Being overweight has well-documented consequences on our health, however, a more obscure side-effect of this state is brain damage. To make it worse, the particular type of brain damage, caused by excess weight, actually makes it harder to get back in shape and causes a vicious circle many people can't reverse.
More Weight, Less Brain
A six-year study, published in the journal of Neurology, found a correlation between obesity and the thinning of the cerebral cortex - the area, responsible for thinking, talking, and seeing. The higher the body mass index (BMI) and the larger the waist of the 1,300 participants were, the thinner their brain cortex was.
And we're not talking about a barely noticeable correlation that was valid only for certain people in the study.
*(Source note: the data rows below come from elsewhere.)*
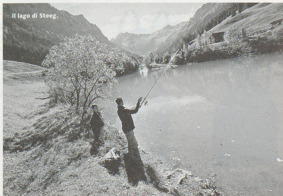
Il lago di Steeg.
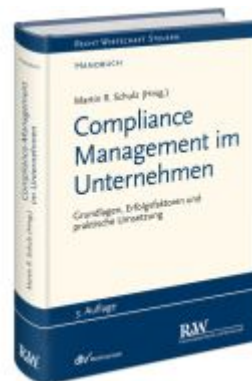
Compliance Management im Unternehmen Ladenpreis: 184,10EUR
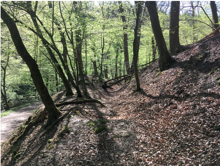
Hohlwegrelikt im Eifgenbachtal (2020)
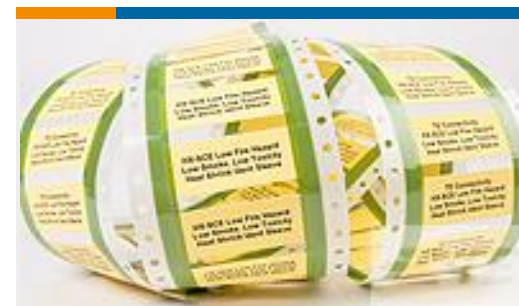
TE 产品编号F16068-000 HX-SCE-5K-3.2-50-S1-4
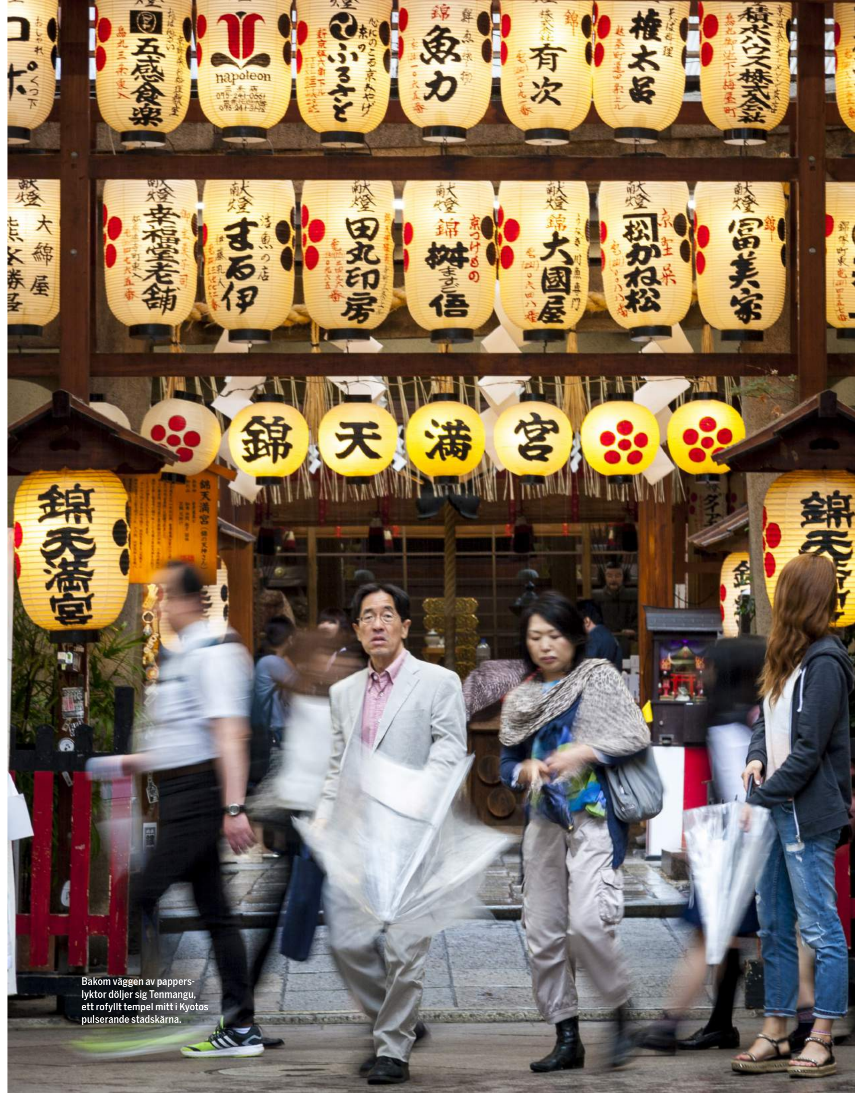
Bakom väggen av papperslyktor döljer sig Tenmangu, ett rofyllt tempel mitt i Kyotos pulserande stadskärna.

På Museum of Kyoto finns utställningar med modern konst i bottenvåningen. I huvudbyggnadens permanenta utställning visas hur det såg ut i Kyoto förr i tiden. Vill man i stället se det med egna ögon kan man ta sig till de gamla kvarteren runt Teramachi dori. →

On the contrary, it applied to participants across the board and resembled an actual mathematical equation with its consistency - every single unit increase in BMI was reflected in a substantial decrease of the brain cortex's thickness. It's almost as if people's extra fat came directly from their brain. That eerie correlation was most pronounced in obese people under the age of 65, whose brains were more than 10 years older than their natural age.
The average age of the participants was 64.
These findings don't represent some isolated case, either. Previous studies have discovered that excess weight leads to inflammation of the hypothalamus - precisely that part of the brain that is practically the control center of body weight. Inflammation in the brain causes serious neurodegeneration. On top of that, the process begins practically immediately - it's almost as if the first couple of extra pounds go straight to attacking the hypothalamus.
This is why it's harder to shed extra weight than to maintain a healthy one in the first place - the excess weight triggers a chain reaction that can easily snowball and spin out of control.